WORK TO BE COMPLETED =
Could you write out, exactly as they stand, only the lines in the listing below from the line with "7月8日下午,宝安后亭社区居" to the line with "Digital Sheet Music", both ends included, without the pictures?

MATERIAL SUPPLIED =
*****
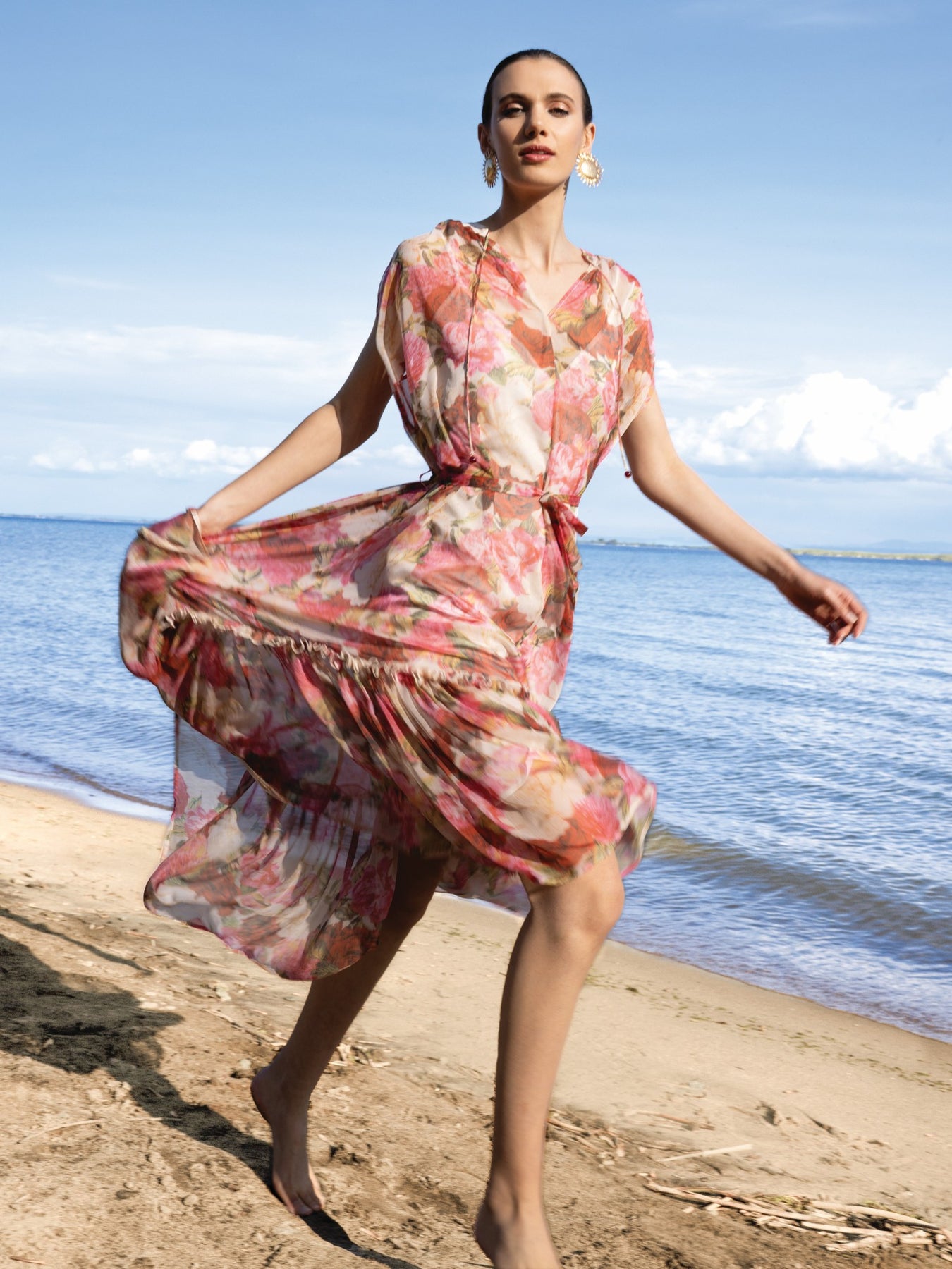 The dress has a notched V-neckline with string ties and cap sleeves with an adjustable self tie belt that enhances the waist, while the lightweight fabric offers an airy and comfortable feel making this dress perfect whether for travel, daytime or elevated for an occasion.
*****
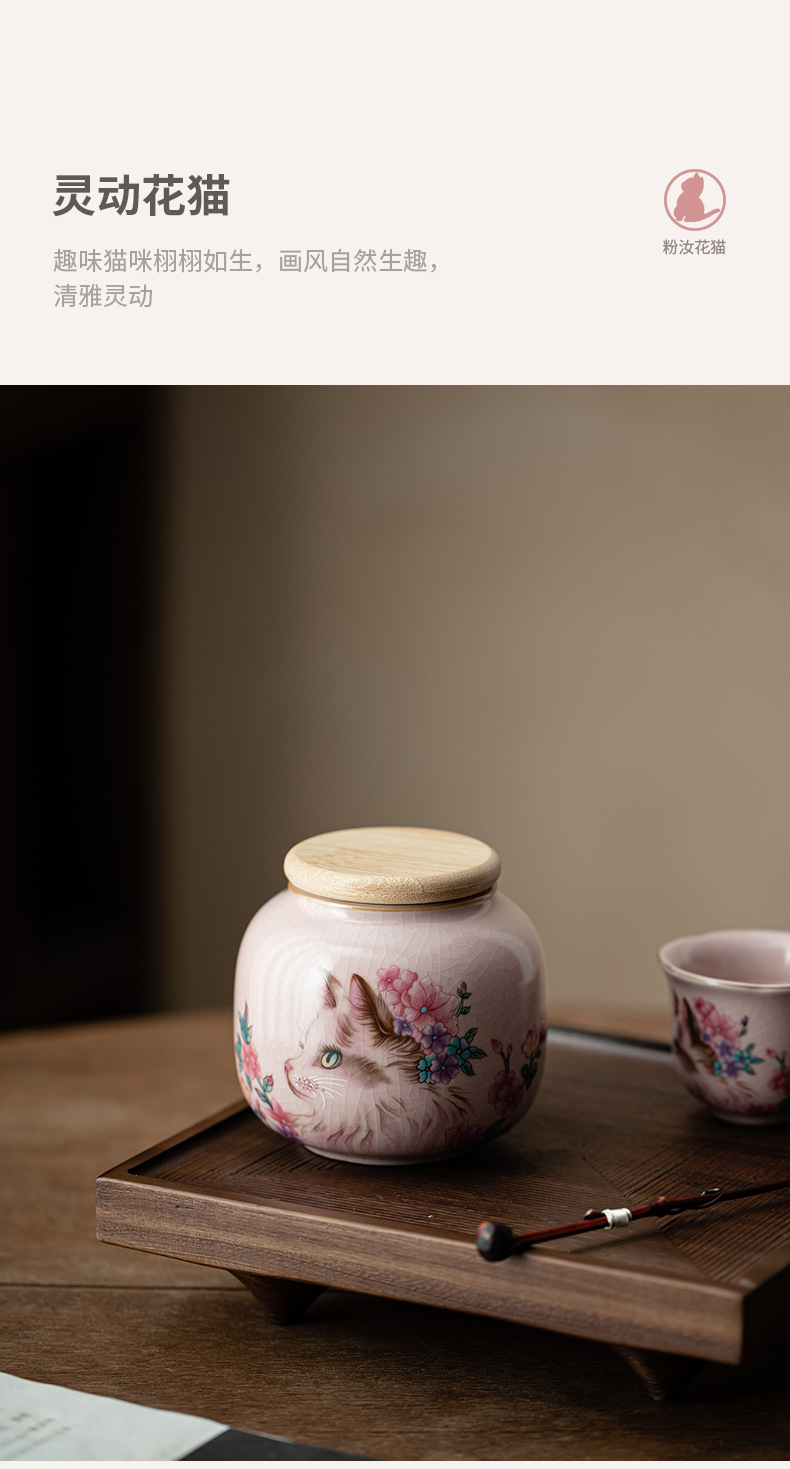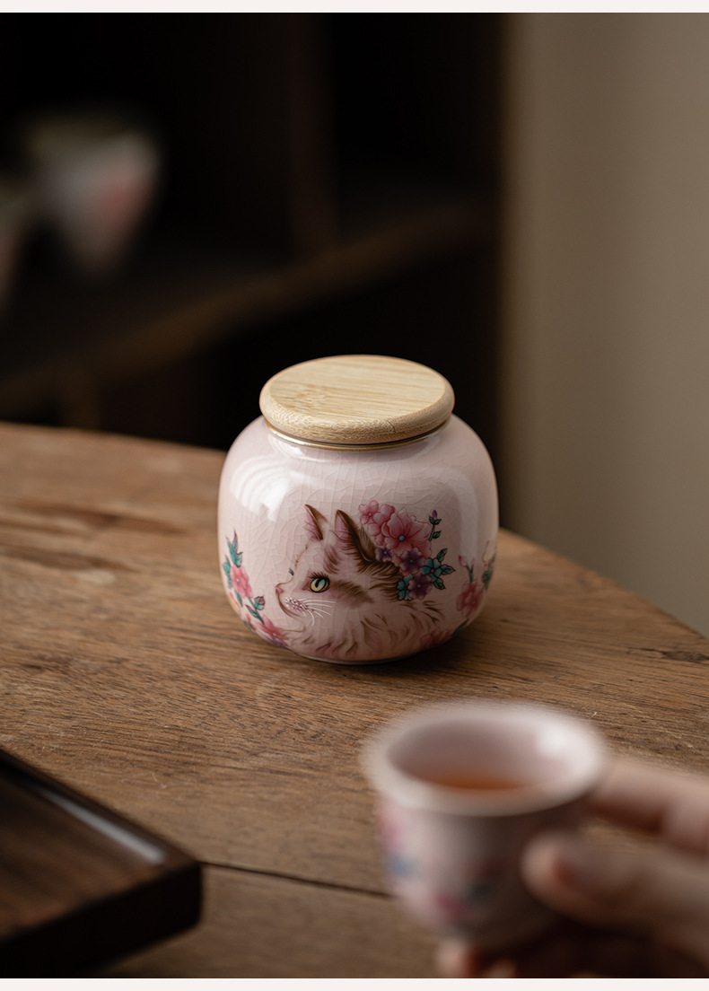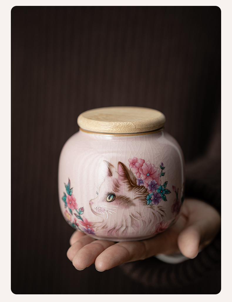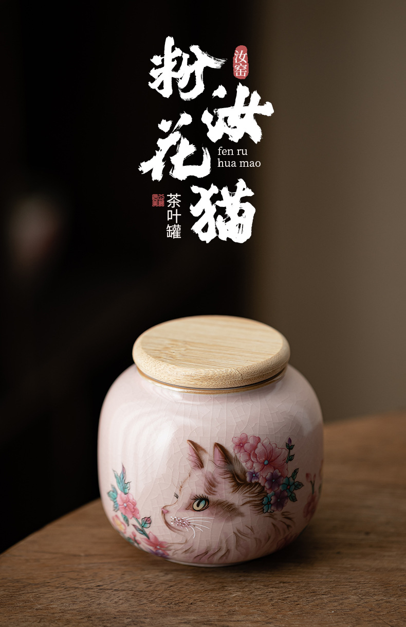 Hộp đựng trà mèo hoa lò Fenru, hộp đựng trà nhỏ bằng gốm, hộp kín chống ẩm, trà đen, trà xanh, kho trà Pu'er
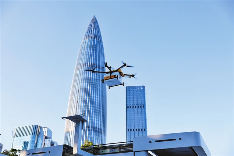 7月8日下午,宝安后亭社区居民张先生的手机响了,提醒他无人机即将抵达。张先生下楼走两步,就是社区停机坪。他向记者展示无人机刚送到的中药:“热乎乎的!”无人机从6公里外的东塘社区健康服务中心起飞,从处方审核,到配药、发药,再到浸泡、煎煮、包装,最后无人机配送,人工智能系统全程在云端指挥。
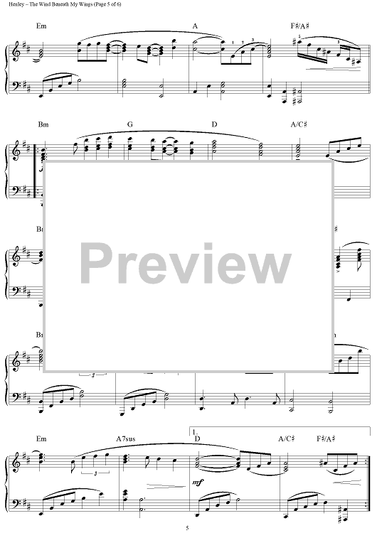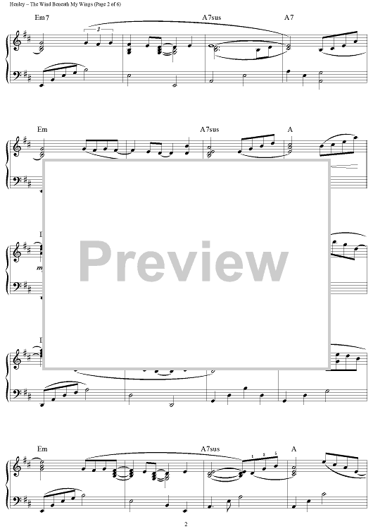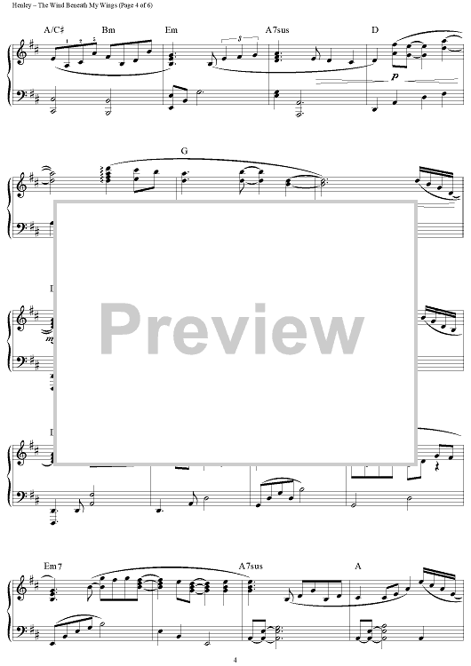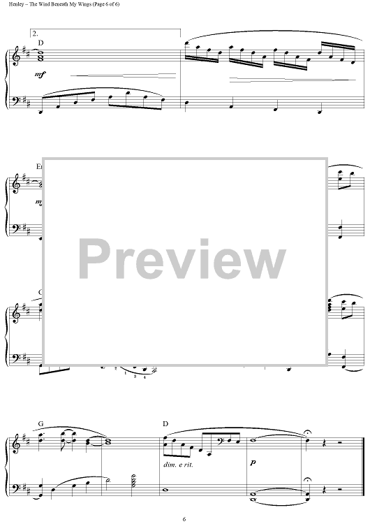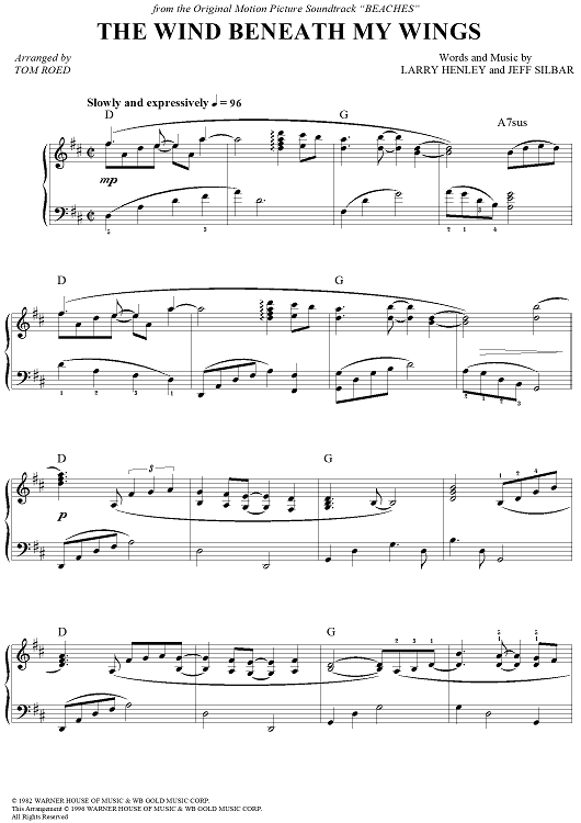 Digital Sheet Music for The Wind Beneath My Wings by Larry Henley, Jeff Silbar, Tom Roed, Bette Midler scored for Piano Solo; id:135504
*****
FINAL ANSWER =
 7月8日下午,宝安后亭社区居民张先生的手机响了,提醒他无人机即将抵达。张先生下楼走两步,就是社区停机坪。他向记者展示无人机刚送到的中药:“热乎乎的!”无人机从6公里外的东塘社区健康服务中心起飞,从处方审核,到配药、发药,再到浸泡、煎煮、包装,最后无人机配送,人工智能系统全程在云端指挥。
 Digital Sheet Music for The Wind Beneath My Wings by Larry Henley, Jeff Silbar, Tom Roed, Bette Midler scored for Piano Solo; id:135504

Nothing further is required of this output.